ORLANDO, Fla. — Patients with type 2 diabetes who were treated with sodium-glucose cotransporter 2 inhibitors had a lower risk for HF hospitalization, death, stroke and MI compared with those who were treated with other glucose-lowering drugs, according to data from featured clinical research presented at the American College of Cardiology Scientific Session.
“The directionality of associations was generally consistent across countries, and results were stable in multiple sensitivity analyses and across patient subgroups,” Mikhail Kosiborod, MD, cardiologist at Saint Luke’s Mid America Heart Institute and professor of medicine at University of Missouri-Kansas City School of Medicine, said during the presentation.
As Cardiology Today previously reported, the first CVD-REAL study found that patients with diabetes treated with a SGLT2 inhibitor had lower rates of HF and death compared with other glucose-lowering drugs. That study only included patients from Europe and United States.
In CVD-REAL 2, researchers analyzed data from 470,128 episodes of treatment initiation from patients with established type 2 diabetes, either reflecting new use of SGLT2 inhibitors (n = 235,064; mean age, 57 years; 45% women; 27% with established CVD) or other glucose-lowering drugs (n = 235,064; mean age, 57 years; 46% women; 26% with established CVD). Patients were from North America, the Middle East and Asia-Pacific regions. Those with gestational diabetes or type 1 diabetes were excluded from the study.
Outcomes of interest included hospitalization for HF, all-cause death, MI, stroke and a composite of all-cause death or hospitalization for HF.
At baseline, about two-thirds of patients were treated with antihypertensive therapies and more than 50% of patients were on ACE inhibitors or angiotensin II receptor antagonists. Two-thirds of patients were also taking statin therapy. Metformin was used by about three-fourths of the cohort, while sulfonureyas and dipeptyl-peptidase IV inhibitors were used by slightly more than half.
Six different types of SGLT2 inhibitors were used during the study, with 75% of patients taking dapagliflozin (Farxiga, AstraZeneca).
During follow-up, all-cause death occurred in 5,216 patients and hospitalization for HF occurred in 5,997 patients. Compared with the other glucose-lowering drug group, the SGLT2 inhibitor group had a lower associated risk for all-cause death (HR = 0.51; 95% CI, 0.37-0.7) and hospitalization for HF (HR = 0.64; 95% CI, 0.5-0.82). The benefit for all-cause death and HF hospitalization associated with SGLT2 inhibitor initiation was also statistically significant in all individual participating countries except Singapore; HF hospitalization data were not available for Australia.
For the composite of all-cause death or HF hospitalization, 9,788 events occurred.

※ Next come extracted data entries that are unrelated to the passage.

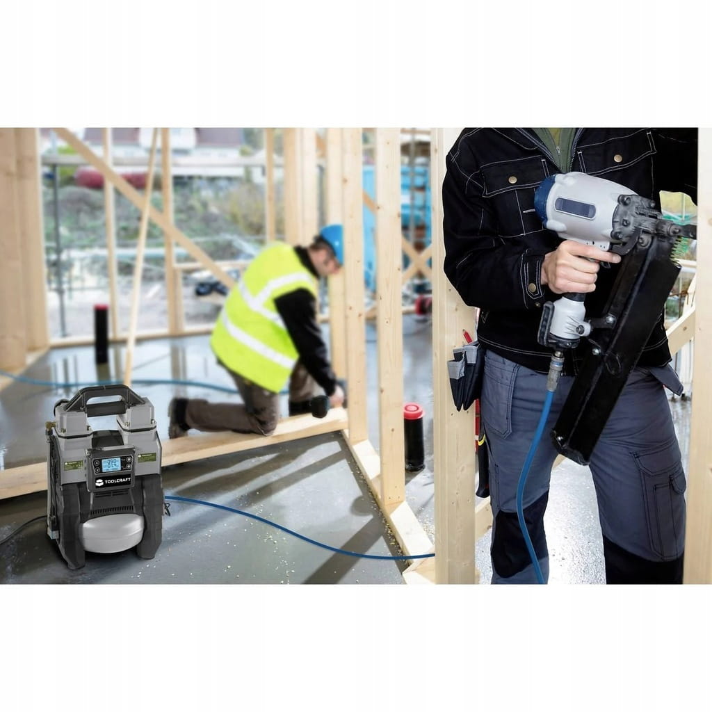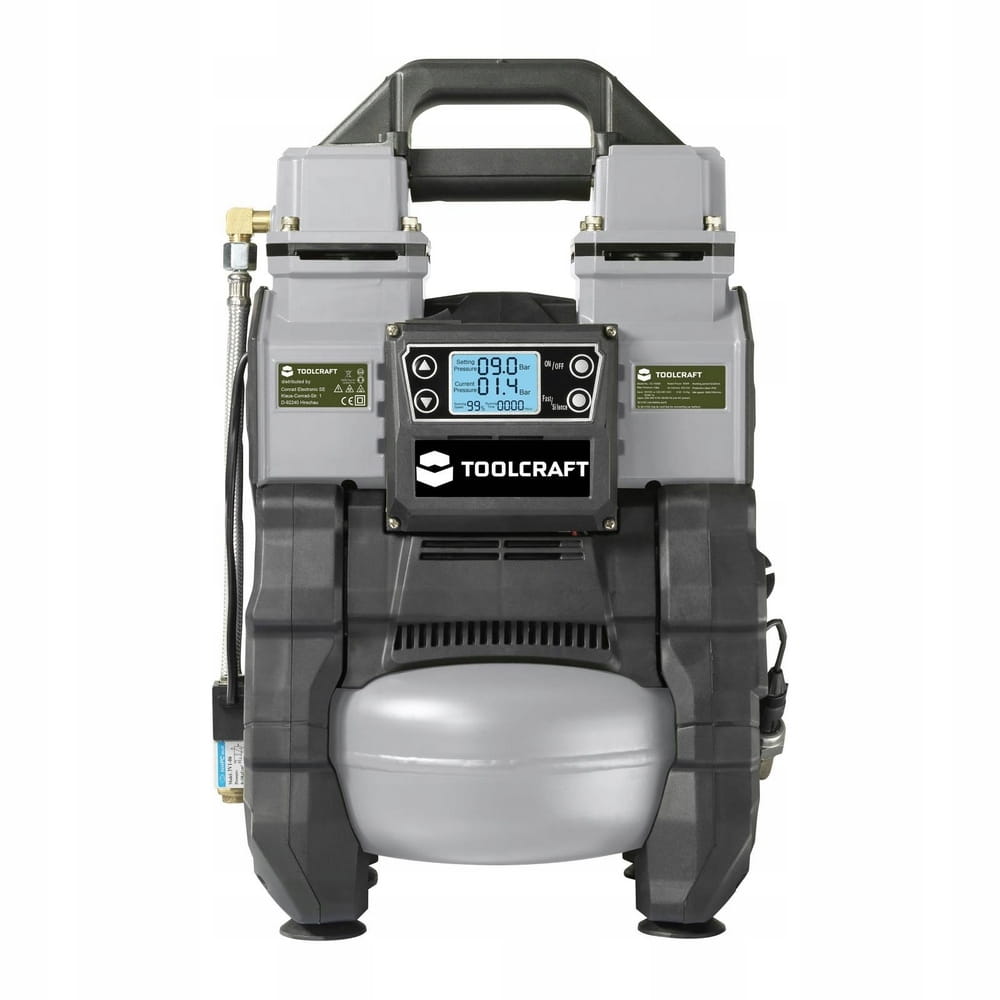 Obsługa i sterowanie sprężarką odbywa się na czytelnym wyświetlaczu LCD. Sprężarka powietrza Toolcraft może być zasilana prądem przemiennym lub stałym. Oznacza to, że oprócz gniazdka akumulator samochodowy jest również dostępny jako zasilacz. Wymagane kable przyłączeniowe są już zawarte w zakresie dostawy. Podobnie jak uchwyt, za pomocą którego kompresor o wadze 10,5 kg można wygodnie ustawić w dowolnym miejscu.
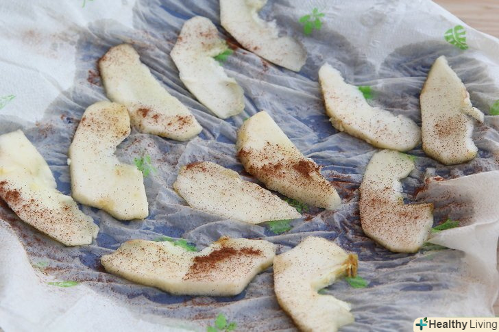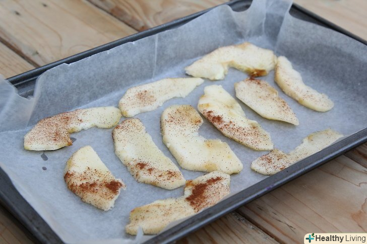 Посипте спеції на скибочки (за бажанням).деяким подобається надавати яблукам аромат за допомогою спецій мускатного горіха, кориці або запашного перцю. Це виведе смак яблук на новий рівень, проте яблука без спецій не менш смачні.[3]
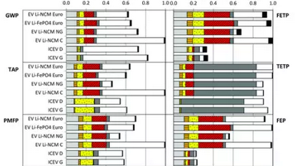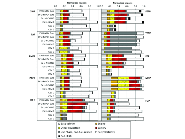 为了比较全生命周期内典型欧洲第一代电动车(EV)和常规内燃机汽车(ICEV)的环境影响,研究列出了6种汽车技术和10类全生命周期环境影响。6种不同汽车技术分别为使用欧盟平均电力(European average electricity)[3]的锂镍钴锰(LiNCM)电池和磷酸铁锂(LiFePO4)电池的电动车、使用天然气或者煤电充电的锂镍钴锰(LiNCM)电动车、和使用汽油或者柴油的内燃机汽车。10类全生命周期环境影响分别为全球变暖潜力(Global Warming Potential,GWP)、陆地酸化潜力(Terrestrial Acidification Potential,TAP)、颗粒物形成潜力(Particulate Matter Formation Potential,PMFP)、光化学氧化潜力Photochemical Oxidation Formation Potential,POFP)、人体毒性潜力(Human Toxicity Potential,HTP)、淡水生态毒性潜力(Freshwater Eco-toxicity Potential,FETP)、陆地生态毒性潜力(Terrestrial Eco-toxicity Potential,TETP)、淡水富营养化潜力(Freshwater Eutrophication Potential,FEP)、矿产资源枯竭潜力(Mineral Resource Depletion Potential,MRDP)、化石燃料资源枯竭潜力(Fossil Resource Depletion Potential,FRDP)。研究通过模型计算统一量化了环境影响的潜力[4],并建立了规范化影响(Normalized Impacts),下图横坐标0.0-1.0区域表示了规范化影响的差异。

Initiation of SGLT2 inhibitors was associated with a lower risk for the composite endpoint vs. other glucose-lowering drugs (HR = 0.6; 95% CI, 0.47-0.76), and this was also statistically significant in all individual participating countries for which complete data were available, Kosiborod said.
The risk for MI was modestly lower with SGLT2 inhibitors compared with other glucose-lowering drugs (HR = 0.81; 95% CI, 0.74-0.88). A significantly lower risk for stroke was also seen in this group (HR = 0.68; 95% CI, 0.55-0.84).

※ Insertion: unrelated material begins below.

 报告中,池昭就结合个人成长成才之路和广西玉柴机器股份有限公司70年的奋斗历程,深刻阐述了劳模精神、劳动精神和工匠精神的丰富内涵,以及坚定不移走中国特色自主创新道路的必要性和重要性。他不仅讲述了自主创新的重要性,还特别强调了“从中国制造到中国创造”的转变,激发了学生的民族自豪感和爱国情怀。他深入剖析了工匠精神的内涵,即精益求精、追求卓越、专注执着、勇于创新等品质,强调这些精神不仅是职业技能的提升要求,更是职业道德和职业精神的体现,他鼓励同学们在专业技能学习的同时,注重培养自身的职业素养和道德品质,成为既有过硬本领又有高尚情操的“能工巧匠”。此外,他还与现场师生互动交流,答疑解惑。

In subgroup analyses, event rates were higher in patients with established CVD compared with those without established CVD at baseline. Risk reductions associated with SGLT2 inhibitors compared with other glucose-lowering drugs were consistent in patients with and without prior CVD.

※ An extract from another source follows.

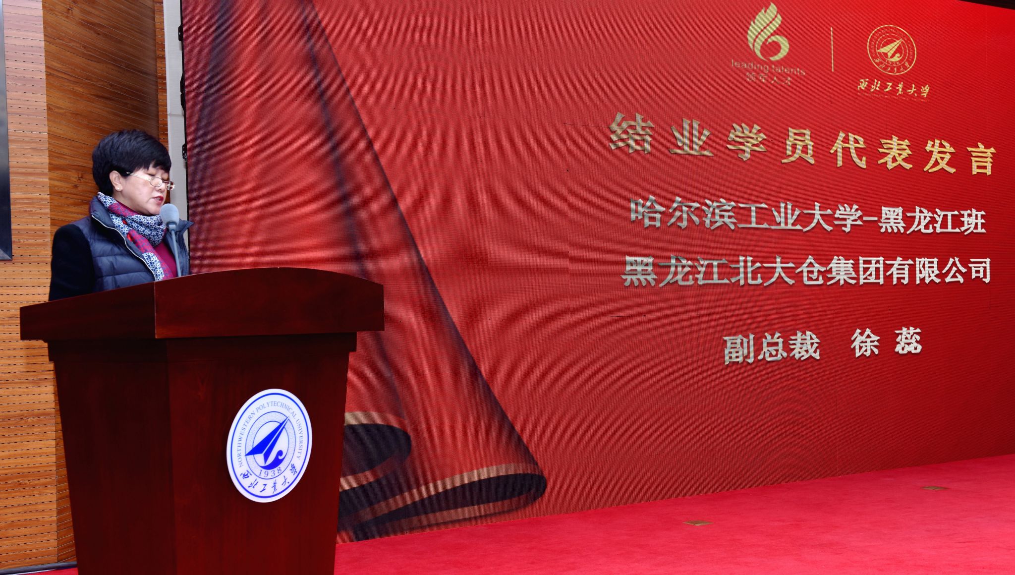 侯成义副校长致辞,首先代表学校对新学员表示热烈欢迎,对顺利结业的学员表示诚挚祝贺。他讲到:“今年11月工信部金壮龙部长来校调研时也指出,服务支撑加快推进新型工业化、建设制造强国和网络强国,是部属高校的重要使命”。哈工大和我校作为“工信七子”,流淌着同样的军工血脉,承担领军人才培训工作,是工信部对两所高校的信任,也是我们发挥“服务社会”职能的重要举措。西工大作为“工信部中小企业经营管理领军人才培训”第一批获授权机构,自2013年以来已连续开办了12期领军人才培训,累计培训近700余人,为陕西经济转型升级和创新发展提供了强大的智力支持。侯校长表示,希望通过此次培训,建立起校企沟通的桥梁,推动科技创新、人才培养等领域校企实质性合作。
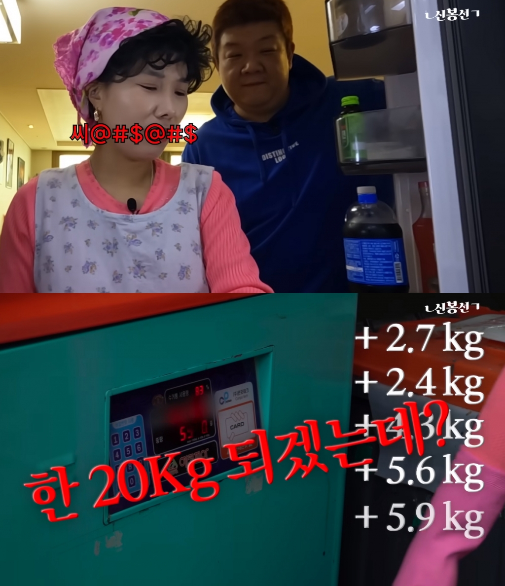 유민상은 "꽝꽝 얼려서 괜찮다" "조용히 해라 애들 깬다"라며 너스레를 떨었다. 신봉선은 썩어버린 음식으로 가득 찬 냉장고를 뒤지며 "아 씨" "아 너무 싫어" "아~ XX"이라며 연신 욕을 뱉었다.

“Collectively, these findings suggest that the cardiovascular effects of SGLT2 inhibitors may extend across patient ethic and racial backgrounds, geographic regions, as well as cardiovascular risk continuum,” Kosiborod said.
Results from this study have also been published in the Journal of the American College of Cardiology. – by Darlene Dobkowski
Kosiborod M, et al. Featured Clinical Research II: Interventional. Presented at: American College of Cardiology Scientific Session; March 10-12, 2018; Orlando, Fla.
Kosiborod M, et al. J Am Coll Cardiol. 2018;doi:10.1016/j.jacc.2018.03.009.
Disclosures: The study was supported by AstraZeneca. Kosiborod reports he receives consultant fees/honoraria from Amgen, AstraZeneca, Boehringer Ingelheim, Eisai, GlaxoSmithKline, Glytec, Intarcia, Janssen Pharmaceuticals, Merck, Novartis, Novo Nordisk, Sanofi-Aventis and ZS Pharma; and research support from AstraZeneca and Boehringer Ingelheim.